Politique 23 mars 2017

Taxes foncières : Luc Godbout propose de nouveaux scénarios de réforme

Le fiscaliste Luc Godbout, nommé par le ministère de l’Agriculture comme expert indépendant pour mesurer l’impact financier de la réforme abandonnée du Programme de crédits de taxes foncières agricoles (PCTFA), n’a donné raison ni à l’ex-ministre Paradis ni à l’Union des producteurs agricoles (UPA).

Dans son rapport intitulé La réforme abandonnée, un dossier non réglé, publié le 23 mars, le professeur de l’Université de Sherbrooke propose de nouveaux scénarios qui feraient moins de perdants, mais qui feraient augmenter le coût du programme pour le gouvernement.

Question de point de vue

La façon de regarder les chiffres influence l’impact de la réforme abandonnée. Si l’on prend, pour chaque bénéficiaire, l’effet en pourcentage sur ses propres taxes nettes et que l’on fait la moyenne arithmétique de celui-ci pour tous les producteurs, le rapport évalue que la hausse moyenne est de 45 %. Rappelons que l’UPA estimait cette augmentation de 30 % à 40 %, tandis que l’ex-ministre Pierre Paradis parlait d’une perte moyenne de 113 $ pour 1 % des producteurs.

Le rapport Godbout, déposé en février et rendu public en mars, évalue plutôt cette perte moyenne à 403 $ pour 2017. En outre, il démontre que le nombre d’agriculteurs touchés par une augmentation de plus de 30 % n’est pas de 1 %, mais de 36,5 % (9 000 producteurs).

Luc Godbout calcule finalement une hausse de taxes nettes à payer de 14 % par rapport à 2016, en tenant compte d’une moyenne pondérée en fonction de la superficie détenue par chacun des bénéficiaires de la réforme abandonnée du PCTFA.

« Je persiste et je signe », insiste Charles-Félix Ross, directeur général de l’UPA, qui fait valoir qu’il faut considérer l’impact moyen sur les entreprises agricoles, qu’elles soient grandes ou petites. Le directeur indique aussi qu’il faut parler de l’impact de la réforme sur le revenu net des producteurs et non sur le revenu brut, comme le fait le rapport Godbout dans l’une de ses sections.

Terres inoccupées

Une donnée importante qui ressort du rapport est liée au fait que certains propriétaires de terres inoccupées auraient bénéficié de 5,8 M$ avec la réforme, alors qu’ils ne recevaient rien avant. Ainsi, l’augmentation de l’ensemble des taxes nettes à payer calculée par l’UPA (+38 %) serait réduite des deux tiers si l’on tenait compte de ces terres inoccupées, non admissibles au PCTFA avant la réforme, dans le calcul des taxes payées par les propriétaires. L’essentiel de l’écart entre le rapport Godbout (+14 %) et l’UPA (+38 %) proviendrait donc de cet élément. Le rapport ne fournit pas de définition de « terres inoccupées », mais il pourrait s’agir de grands propriétaires terriens qui ne sont pas reconnus comme agriculteurs. Près de 2 700 nouvelles entreprises devenaient admissibles avec la réforme abandonnée, ce qui représentait un autre 5 M$ pour le PCTFA.

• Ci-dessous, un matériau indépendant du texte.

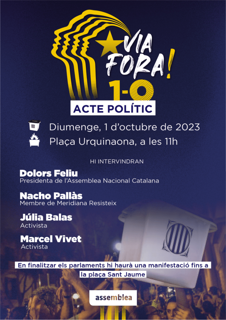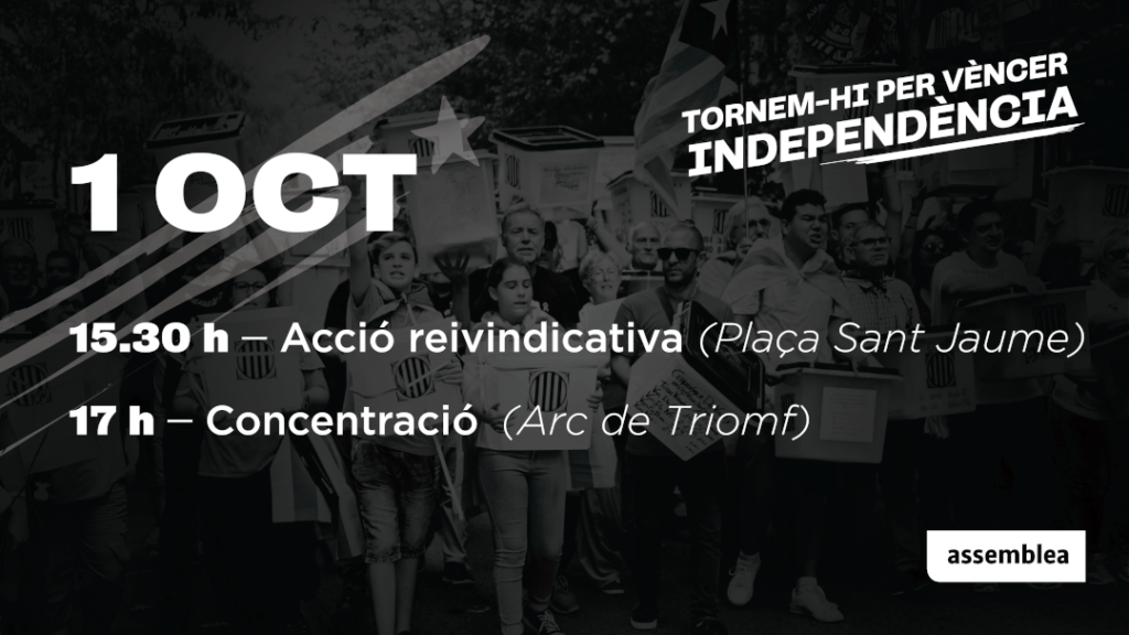 Per això, convoquem a tothom a la plaça d’Urquinaona el dia 1 d’Octubre a un acte que té per objectiu continuar impulsant la mobilització ciutadana: cal que la gent tornem a prendre les regnes i ens preparem novament per un nou i definitiu embat amb l’estat espanyol.

Si l’on tient compte des perdants et des gagnants de la réforme, on arrive à une économie pour le gouvernement de 4,9 M$, qui servaient à financer les nouveaux bénéficiaires.

Que faire pour l’avenir?

Luc Godbout évalue que la réforme abandonnée créait « un grand nombre de perdants », soit 82,7 % des entreprises déjà admissibles au PCTFA. Même en augmentant le taux uniforme de remboursement de 78 % à 84 %, on obtient encore une proportion de perdants de 48,2 %, mais au prix d’une « aide globale plus importante » pour le gouvernement.

« Dans tous ces scénarios, les producteurs seraient pénalisés. Il y a une limite à vouloir simplifier sans créer des iniquités », estime Charles-Félix Ross.

En conclusion, Luc Godbout recommande une réforme du PCTFA parce que le milieu municipal « refuse clairement » l’approche de l’UPA de revoir en profondeur les règles de l’évaluation foncière agricole. Il croit par ailleurs que le programme en vigueur demeure « lourd à administrer ». Au final, le professeur conseille de « réduire le nombre de perdants » et de mieux relever le « défi de communication majeur » que constitue toute réforme du PCTFA.

« La solution facile, c’est de plafonner la valeur des terres à des fins de taxation », lance de son côté le directeur général de l’UPA, qui demande toujours au gouvernement de revoir la fiscalité agricole en profondeur puisque le prix des terres va forcément encore augmenter dans l’avenir.